**What needs to be done**
Pictures must not appear in the copy. Restate exactly the lines below from the one with "सुरेंद्र तिबोगपा, कुल्लू" through the one with "1年次生:グループワーク", inclusive.

Source records
◇ ◇ ◇ ◇ ◇
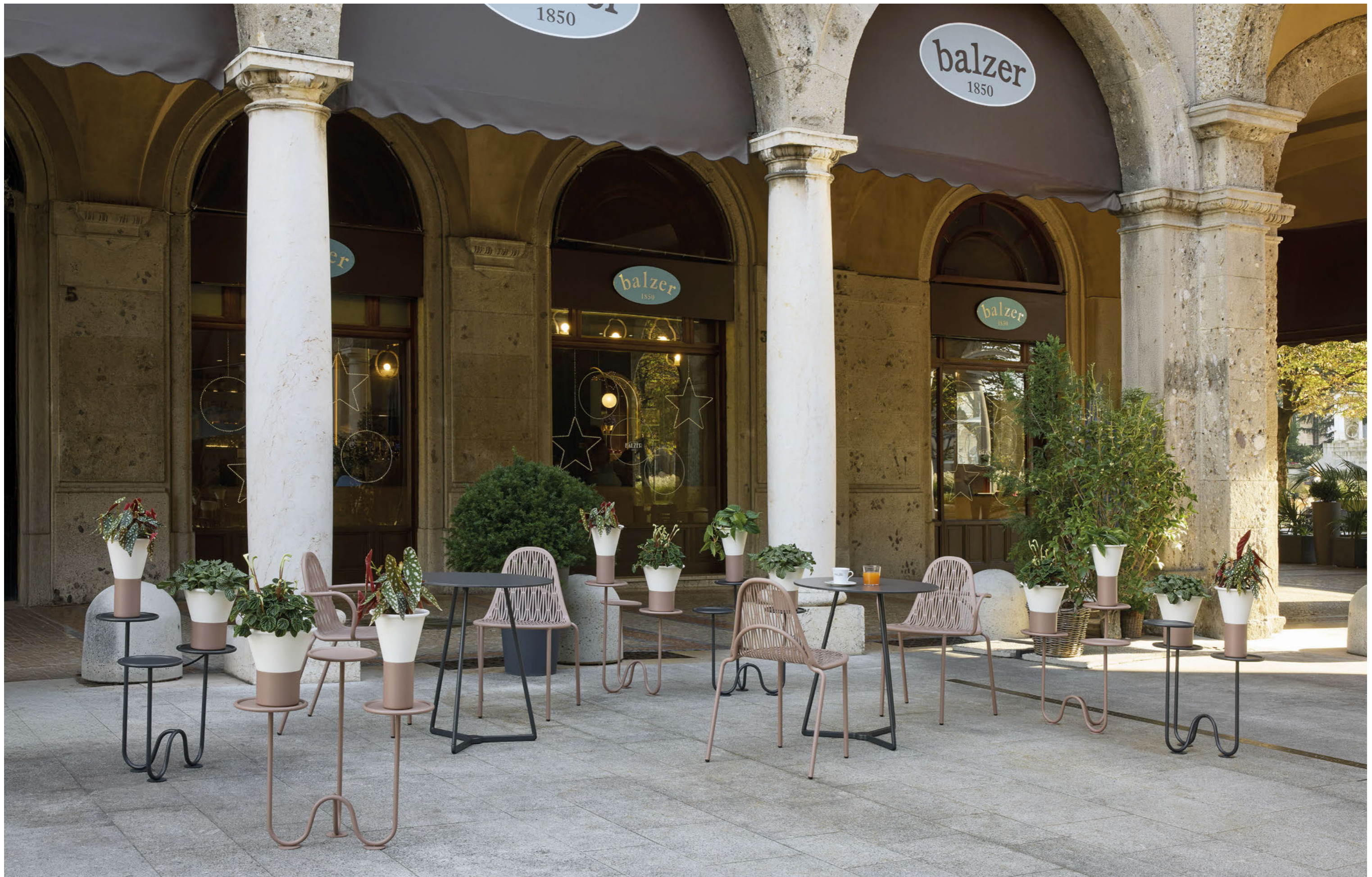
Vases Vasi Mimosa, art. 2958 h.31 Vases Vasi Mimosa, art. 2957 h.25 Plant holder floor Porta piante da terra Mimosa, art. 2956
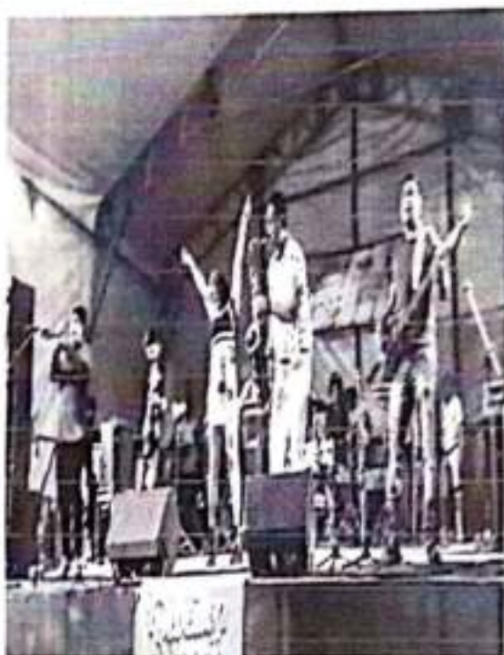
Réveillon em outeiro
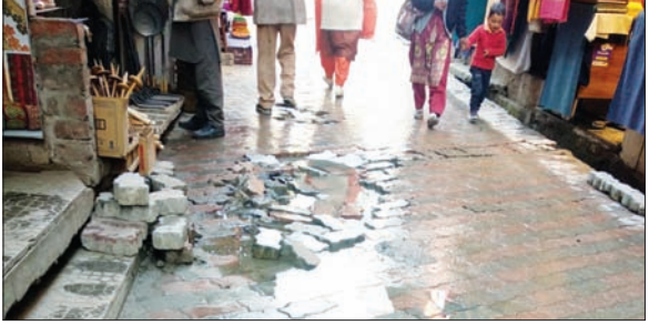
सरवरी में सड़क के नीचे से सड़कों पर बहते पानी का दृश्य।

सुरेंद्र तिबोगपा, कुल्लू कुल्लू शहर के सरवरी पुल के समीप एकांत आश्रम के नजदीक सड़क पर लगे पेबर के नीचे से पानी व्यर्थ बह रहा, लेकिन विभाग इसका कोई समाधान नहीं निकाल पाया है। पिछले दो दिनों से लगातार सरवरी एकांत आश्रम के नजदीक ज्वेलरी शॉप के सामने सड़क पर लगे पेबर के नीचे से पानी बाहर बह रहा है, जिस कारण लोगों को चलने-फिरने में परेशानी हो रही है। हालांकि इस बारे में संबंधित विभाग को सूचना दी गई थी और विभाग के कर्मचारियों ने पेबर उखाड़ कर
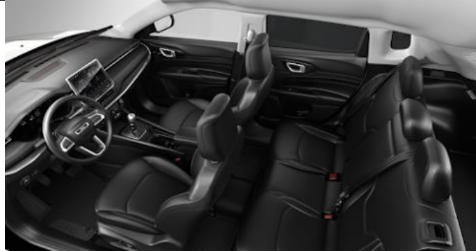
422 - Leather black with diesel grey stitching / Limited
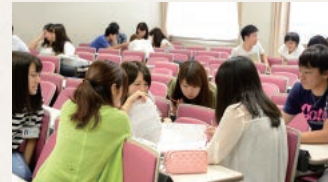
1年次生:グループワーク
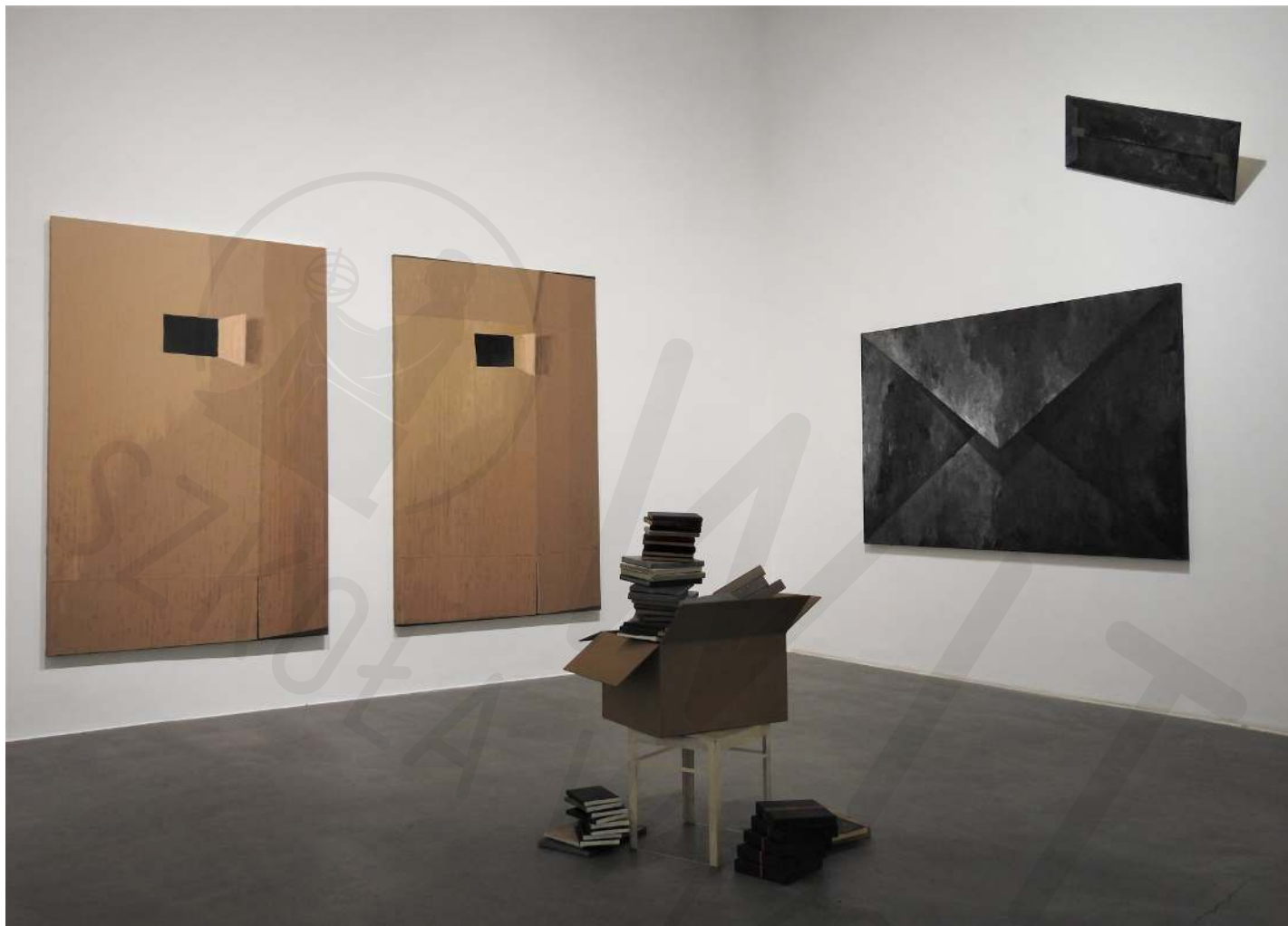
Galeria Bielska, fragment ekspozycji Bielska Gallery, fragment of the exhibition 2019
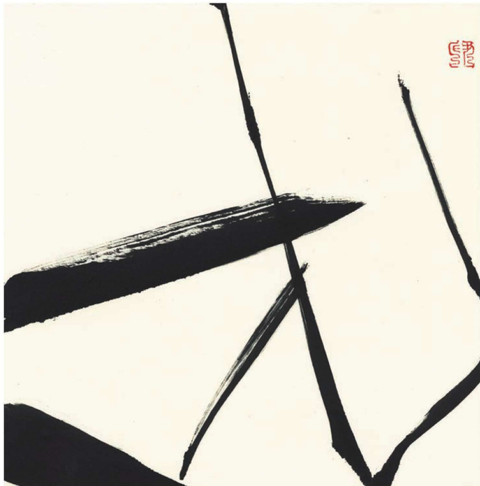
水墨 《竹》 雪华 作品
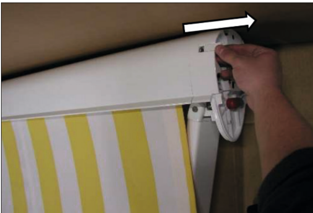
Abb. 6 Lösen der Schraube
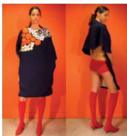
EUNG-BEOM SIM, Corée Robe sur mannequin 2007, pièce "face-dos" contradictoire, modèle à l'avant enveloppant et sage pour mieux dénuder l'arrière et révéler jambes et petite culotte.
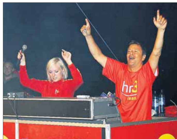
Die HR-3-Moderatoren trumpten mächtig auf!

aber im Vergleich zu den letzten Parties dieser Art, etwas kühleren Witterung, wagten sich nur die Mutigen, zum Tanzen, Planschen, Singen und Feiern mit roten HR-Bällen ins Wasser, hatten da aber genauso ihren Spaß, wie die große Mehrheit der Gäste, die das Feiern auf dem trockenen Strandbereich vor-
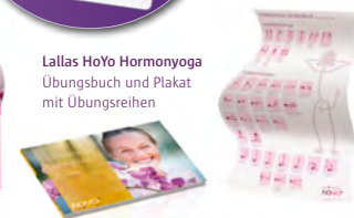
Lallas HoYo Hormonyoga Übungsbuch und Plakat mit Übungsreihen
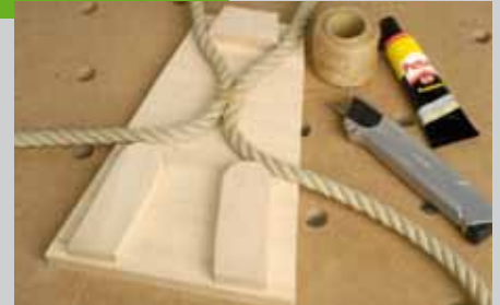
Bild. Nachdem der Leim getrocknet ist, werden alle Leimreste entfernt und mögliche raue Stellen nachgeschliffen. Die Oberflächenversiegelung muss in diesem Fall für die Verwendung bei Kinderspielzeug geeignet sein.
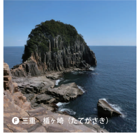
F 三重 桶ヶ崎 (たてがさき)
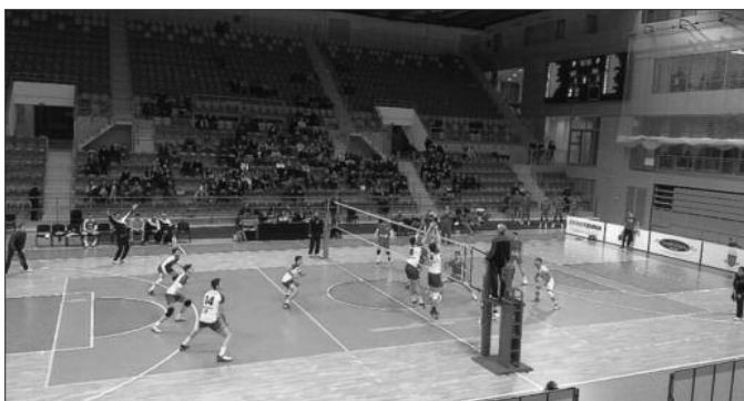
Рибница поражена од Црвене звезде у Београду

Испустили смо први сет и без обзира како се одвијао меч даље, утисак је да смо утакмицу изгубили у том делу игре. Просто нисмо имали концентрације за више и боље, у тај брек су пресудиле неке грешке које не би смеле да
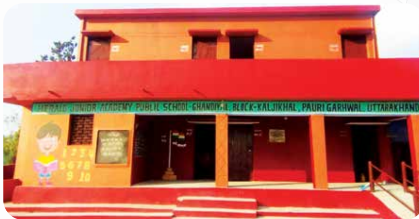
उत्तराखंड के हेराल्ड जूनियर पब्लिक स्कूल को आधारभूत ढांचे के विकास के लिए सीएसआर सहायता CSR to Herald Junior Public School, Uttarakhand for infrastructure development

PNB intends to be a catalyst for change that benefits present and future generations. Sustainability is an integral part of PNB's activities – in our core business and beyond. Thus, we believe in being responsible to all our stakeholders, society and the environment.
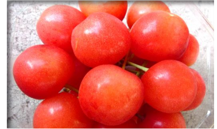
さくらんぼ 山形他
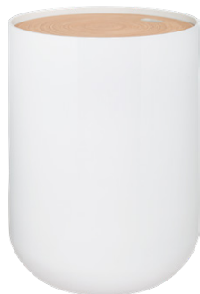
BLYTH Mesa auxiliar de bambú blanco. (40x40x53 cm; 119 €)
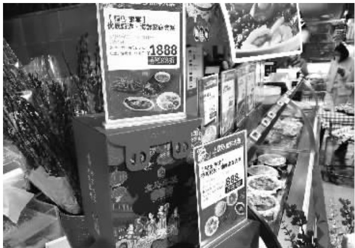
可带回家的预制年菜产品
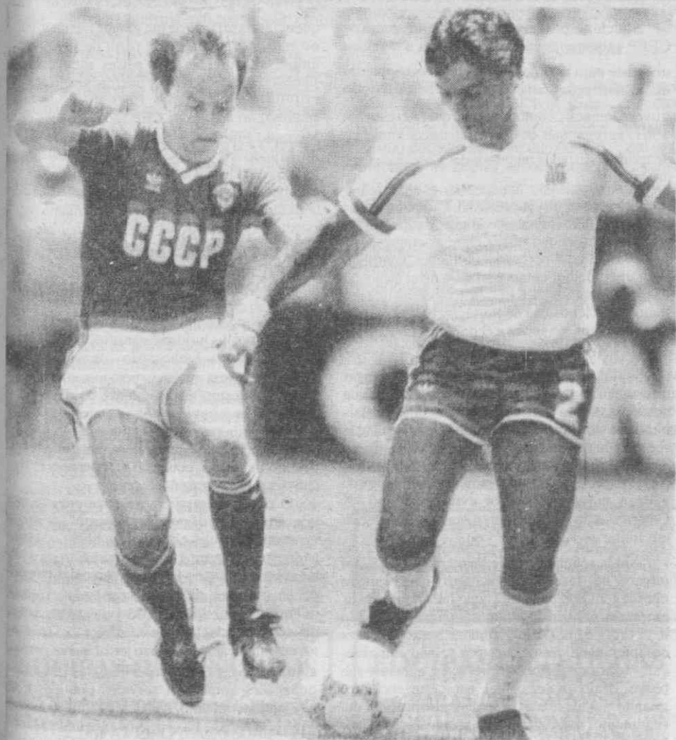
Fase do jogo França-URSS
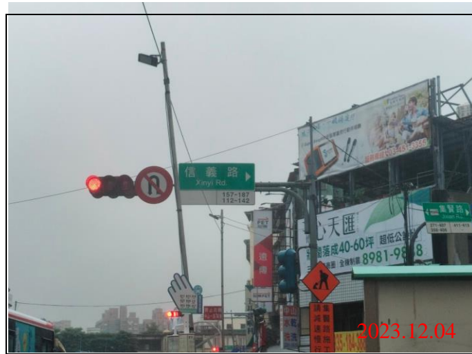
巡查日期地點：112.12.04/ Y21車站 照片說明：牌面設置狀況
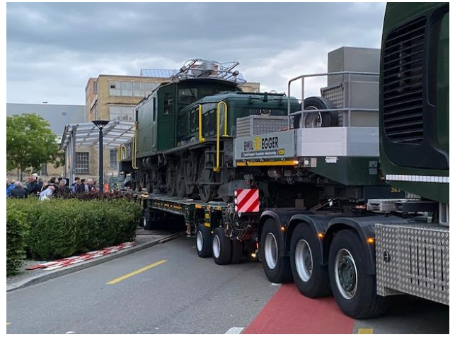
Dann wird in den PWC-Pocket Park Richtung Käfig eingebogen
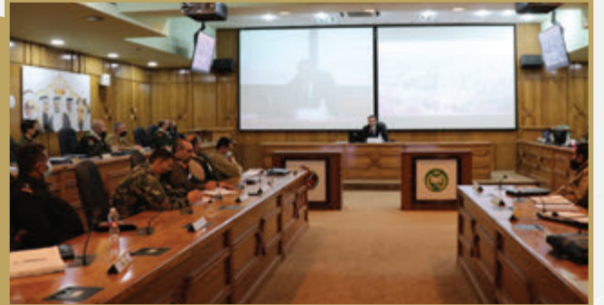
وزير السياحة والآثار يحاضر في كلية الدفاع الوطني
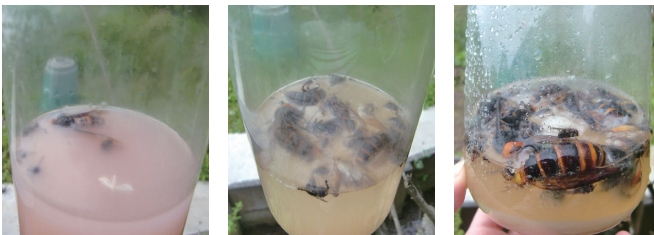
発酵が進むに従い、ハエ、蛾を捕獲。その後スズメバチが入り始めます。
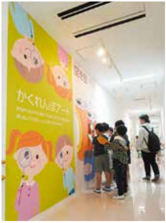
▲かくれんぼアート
◇ ◇ ◇ ◇ ◇
**Exercise answer**
सुरेंद्र तिबोगपा, कुल्लू कुल्लू शहर के सरवरी पुल के समीप एकांत आश्रम के नजदीक सड़क पर लगे पेबर के नीचे से पानी व्यर्थ बह रहा, लेकिन विभाग इसका कोई समाधान नहीं निकाल पाया है। पिछले दो दिनों से लगातार सरवरी एकांत आश्रम के नजदीक ज्वेलरी शॉप के सामने सड़क पर लगे पेबर के नीचे से पानी बाहर बह रहा है, जिस कारण लोगों को चलने-फिरने में परेशानी हो रही है। हालांकि इस बारे में संबंधित विभाग को सूचना दी गई थी और विभाग के कर्मचारियों ने पेबर उखाड़ कर
422 - Leather black with diesel grey stitching / Limited
1年次生:グループワーク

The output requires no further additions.